Kind Communities of Valkey

Thanks to the kind comminities and maintainers, I was assigned to solve this issue. Furthermore, to let maintainers track the progress, I made the following tasks for possible solutions:

  1. half-byte lookup table
  2. Barrett reduction
  3. multi-byte lookup table

OK, What Does Valkey CRC16 Hash Used for?

Valkey utilize CRC16 (formally CRC16/CCITT 2) to hash the key into slots (with modulo 16384), which is enabled in clustering mode 3.

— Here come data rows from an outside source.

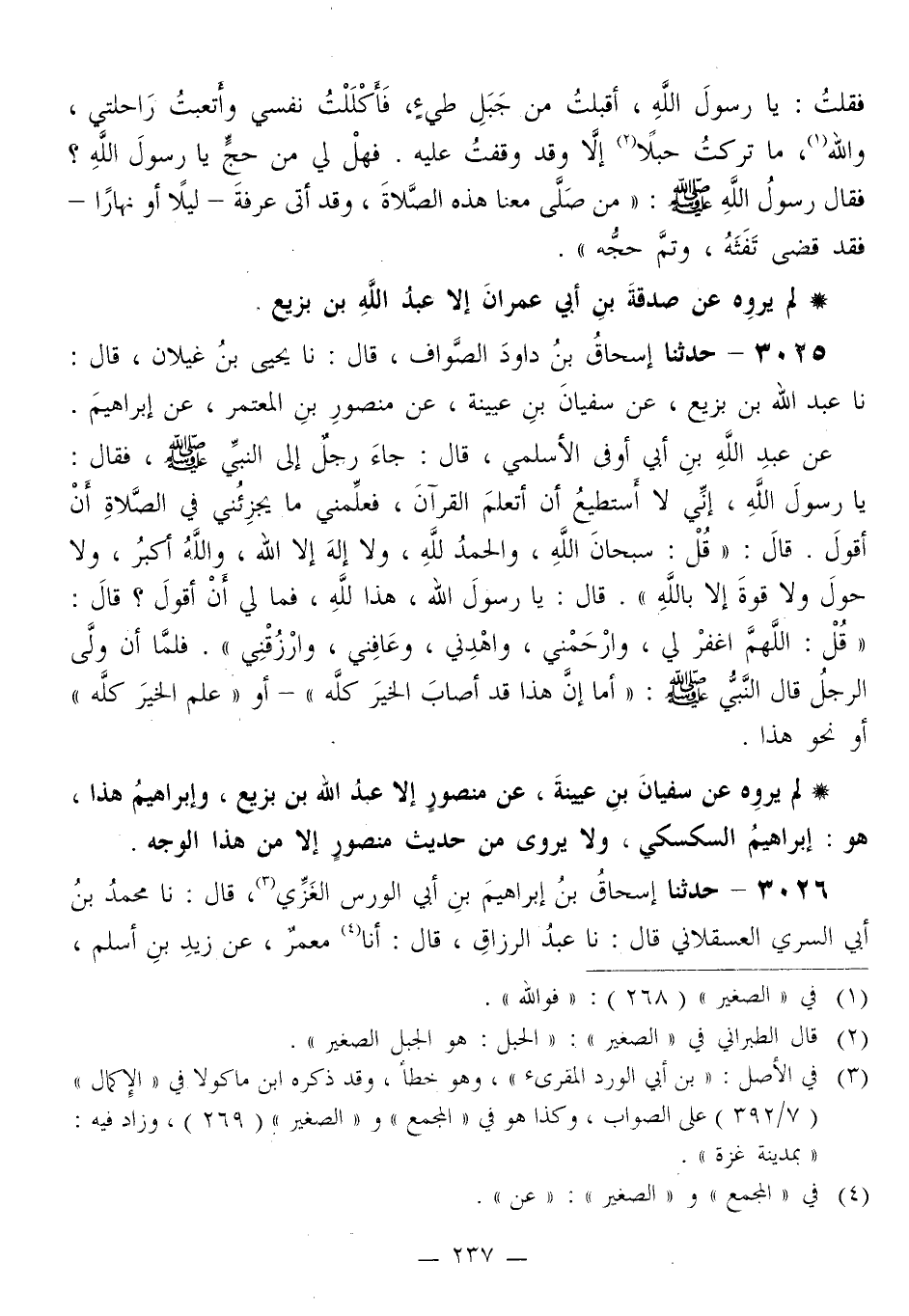 3025 - حَدَّثَنَا إِسْحَاقُ بْنُ دَاوُدَ الصَّوَّافُ قَالَ: نا يَحْيَى بْنُ غَيْلَانَ قَالَ: نا عَبْدُ اللَّهِ بْنُ بَزِيعٍ، عَنْ سُفْيَانَ بْنِ عُيَيْنَةَ، عَنْ مَنْصُورِ بْنِ الْمُعْتَمِرِ، عَنْ إِبْرَاهِيمَ، عَنْ عَبْدِ اللَّهِ بْنِ أَبِي أَوْفَى الْأَسْلَمِيِّ قَالَ: جَاءَ رَجُلٌ إِلَى النَّبِيِّ صَلَّى اللهُ عَلَيْهِ وَسَلَّمَ فَقَالَ: يَا رَسُولَ اللَّهِ، إِنِّي لَا أَسْتَطِيعُ أَنْ أَتَعَلَّمَ الْقُرْآنَ، فَعَلِّمْنِي مَا يُجْزِئُنِي فِي الصَّلَاةِ أَنْ أَقُولَ قَالَ: §قُلْ سُبْحَانَ اللَّهِ، وَالْحَمْدُ لِلَّهِ، وَلَا إِلَهَ إِلَّا اللَّهُ، وَاللَّهُ أَكْبَرُ، وَلَا حَوْلَ وَلَا قُوَّةَ إِلَّا بِاللَّهِ «قَالَ: يَا رَسُولَ اللَّهِ، هَذَا لِلَّهِ، فَمَا لِي أَنْ أَقُولَ؟ قَالَ:» قُلْ: اللَّهُمَّ اغْفِرْ لِي، وَارْحَمْنِي، وَاهْدِنِي، وَعَافِنِي، وَارْزُقْنِي «. فَلَمَّا أَنْ وَلَّى الرَّجُلُ قَالَ النَّبِيُّ صَلَّى اللهُ عَلَيْهِ وَسَلَّمَ:» أَمَا إِنَّ هَذَا قَدْ أَصَابَ الْخَيْرَ كُلَّهُ «أَوْ» عَلِمَ الْخَيْرَ كُلَّهُ " أَوْ نَحْوَ هَذَا لَمْ يَرْوِهِ عَنْ سُفْيَانَ بْنِ عُيَيْنَةَ، عَنْ مَنْصُورٍ إِلَّا عَبْدُ اللَّهِ بْنُ بَزِيعٍ، وَإِبْرَاهِيمُ هَذَا، هُوَ: إِبْرَاهِيمُ السَّكْسَكِيُّ، وَلَا يُرْوَى مِنْ حَدِيثِ مَنْصُورٍ إِلَّا مِنْ هَذَا الْوَجْهِ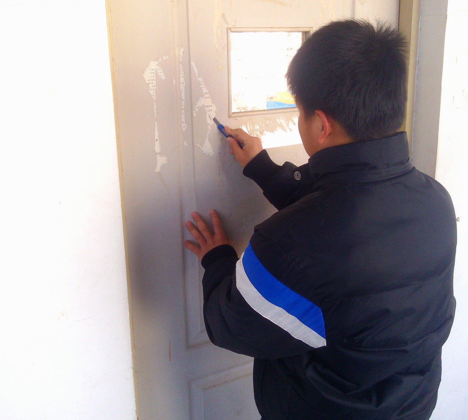 中午,同学们兴致高昂地来到清理现场,大家合理分工,密切配合。墙壁、桌面、角落……每一个细节之处都不放过。大家用小刀一点点地刮,用湿抹布努力地擦。遇到粘的很结实的广告纸,同学们便一遍遍的用各种方法尝试,直至完全清除干净。虽然天气寒冷,但同学们都干得热火朝天;虽然很累,但看到自己的战绩,大家心里都充溢着满足与快乐。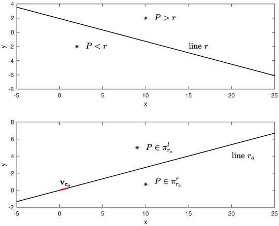 Consider a line r in the Cartesian plane described by all the points satisfying , (see Figure 3); r divides the Cartesian plane into two half-planes. A point is in the upper half-plane if , and it is shortly denoted by . The point P is said to be in the lower half-plane if , denoted hereafter by .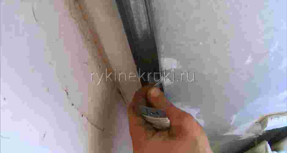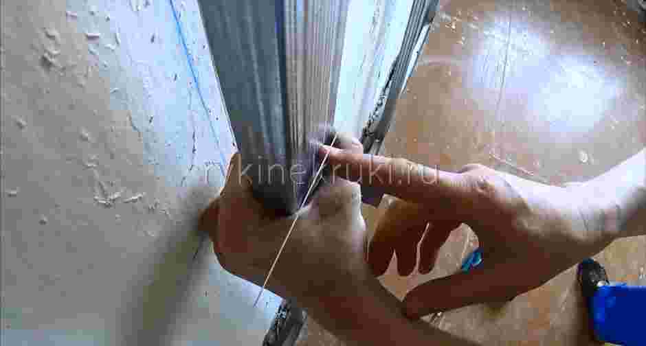 - К раме прикладывается угольник и отмеряется нужное расстояние, добавляя 5 сантиметров с другой стороны проема. Можно ко «дну» подоконника сразу установить ПН, с шагом вертикальных стоек до 60 сантиметров.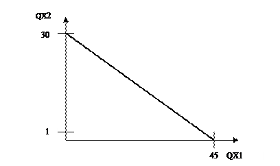 3. Функция полезности имеет вид: U(X1 , X2 )=X1 × X2 , где Х1 и Х2 – количества продовольственных и непродовольственных товаров. Их цены соответственно равны: Р1 = 10, Р2 =15. Доход потребителя равен 450 ед. Изобразите графически бюджетное ограничение и карту кривых безразличия. Какому потребительскому набору отдаст предпочтение потребитель? Линия бюджетного ограничения. Нач. ордината = I/P2=450/15=30, угловой коэффициент = Р1/Р2 = 10/15 = 0,67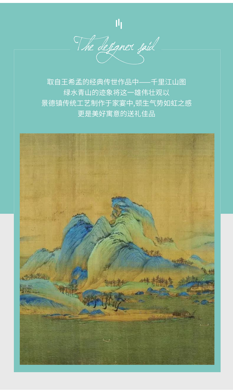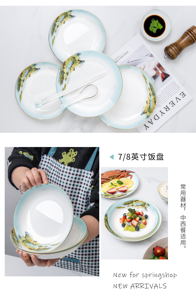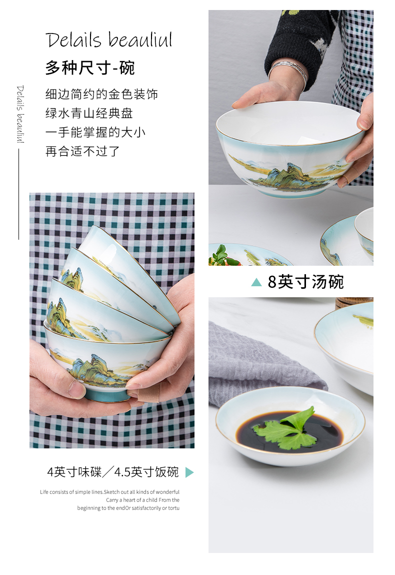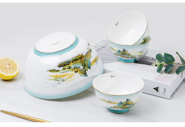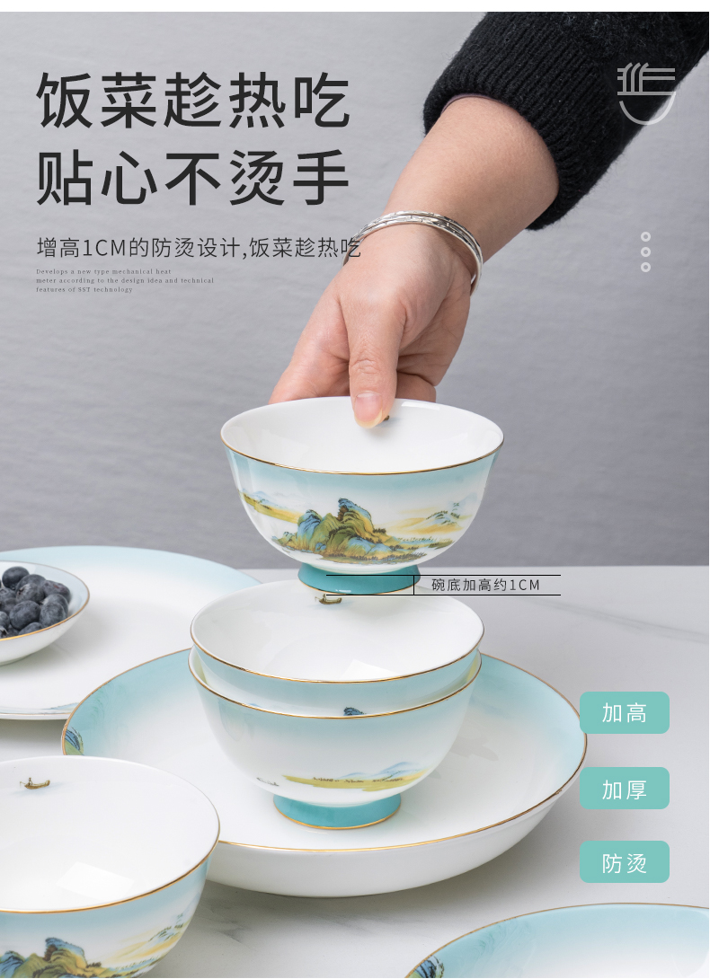 Debo德铂绿水青山高档山水画风格家用正骨陶瓷餐具碗筷32头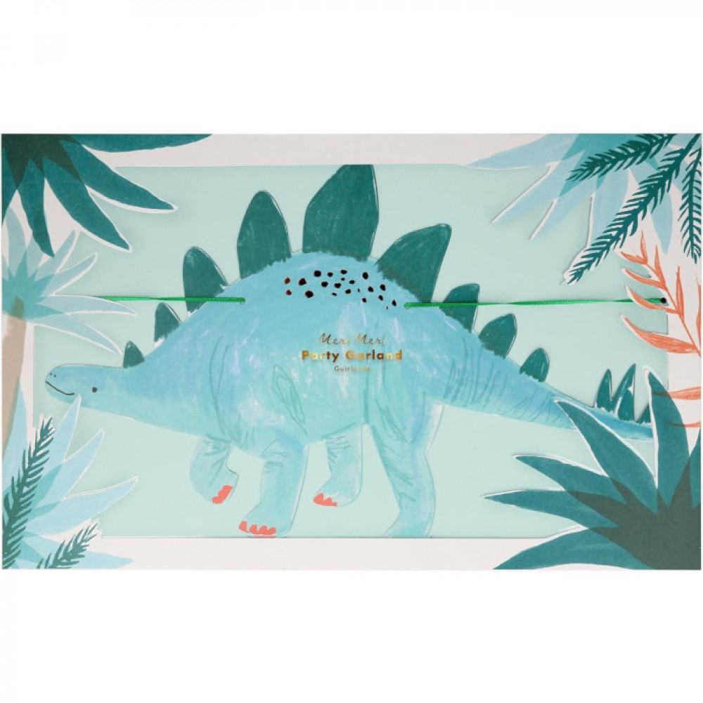 Everything you need to decorate your Jurassic party. 10 DINOSAURS. Has 10 beautifully illustrated and crafted dinosaur pennants. FOLIAGE PENNANTS. Includes 20 foliage pennants, with green and copper foil, and lots of crepe streamers. 35.6 x 0.8 x 13 centimetres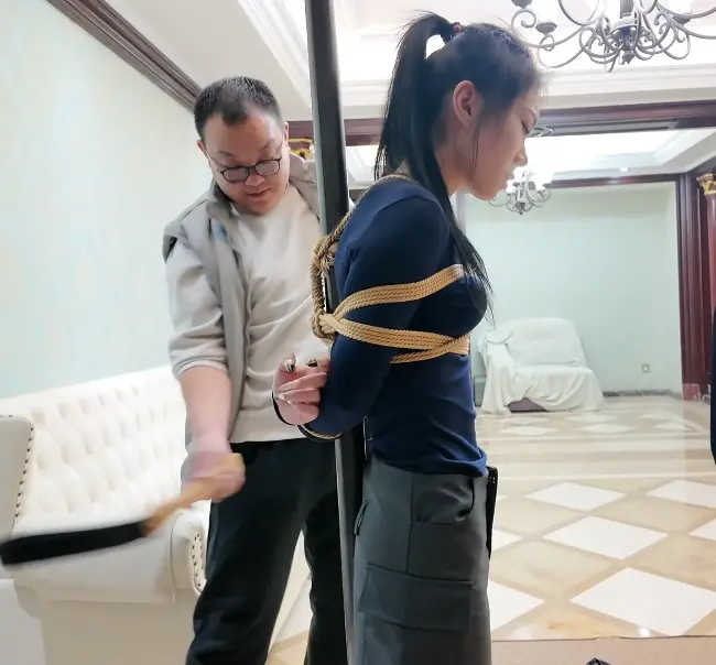 昏迷的凯丽苏醒过来,发现自己被结结实实地绑在一根柱子上,嘴也被胶带封住,于是开始挣扎,挣扎一段时间后,看到头目出现,不屑地扭过头,头目看着被抓的凯丽很是得意,撕掉凯丽的胶带以后,先是嘲讽了她几句,最后让凯丽屈服她,凯丽不屑地回应头目与其浪费时间还不如杀了她,头目于是开始对凯丽进行鞭打,没想到凯丽没有一点屈服样子,于是开始从生理心理上开始折磨凯丽,不停地对凯丽上下其手,凯丽一边挣扎着,一边痛骂头目,头目见这么久凯丽都没有屈服,于是给了凯丽几下重击,接着对凯丽说需要换更有趣的手段让凯丽屈服了,于是再次迷晕了凯丽。
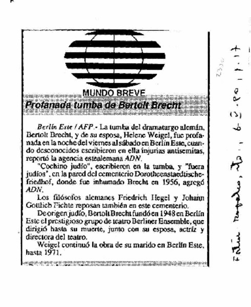 Profanada tumba de Bertolt Brecht. [artículo]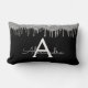 Parties scintillant d'étincelle en argent et noir Nom et Coussin Lumbar initial. Cela rend le cadeau parfait pour 16 ans, mariage, douche nuptiale, anniversaire, baby shower ou bachelorette pour quelqu'un qui aime le luxe glam et les styles chic.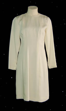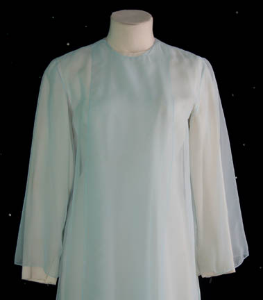 Description: Worn by Rachel Harris while portraying “Martis” in the episode “Before and After” of Star Trek: Voyager. Martis was “Kes'” (Jennifer Lien) mother who, with all the knowledge and understanding she accumulated over the short Ocompa life span, was able to see while reliving her own birth after exposure to a rare form of radiation. Her costume is comprised of a cream colored long-sleeved gown with a zip up the back and matching tights with footies, both worn underneath a light blue, gauzy robe. The costumer’s tag reads ‘Pilot, Rachel Harris, “Martis” Kes’ Mom.’

What’s more, provided by the maintainers, the length of key is at most 20 Bytes, and the maintainers are pretty concerned the usage of L1 cache (i.e., avoid evicting the data in L1 cache) 4

Get My Hands Dirty

Let’s look the original implementation (with some modifications):

/* We are going to optimize this function. */
static inline uint16_t crc16_base(uint16_t crc, uint8_t tmp) {
    crc = (crc << 8) ^ crc16tab[((crc >> 8) ^ (uint8_t)buf[counter]) & 0x00FF];
    return crc;
}

uint16_t crc16(const char *buf, int len) {
    int counter;
    uint16_t crc = 0;
    for (counter = 0; counter < len; counter++) {
        uint8_t tmp = (uint8_t)buf[counter];
        crc = crc16_base(crc, tmp);
    }
    return crc;
}

To prove any of my solutions is better, we need to benchmark. There are two benchmark scenarios: single cluster and multi-cluster (3 primary plus 3 secondary nodes).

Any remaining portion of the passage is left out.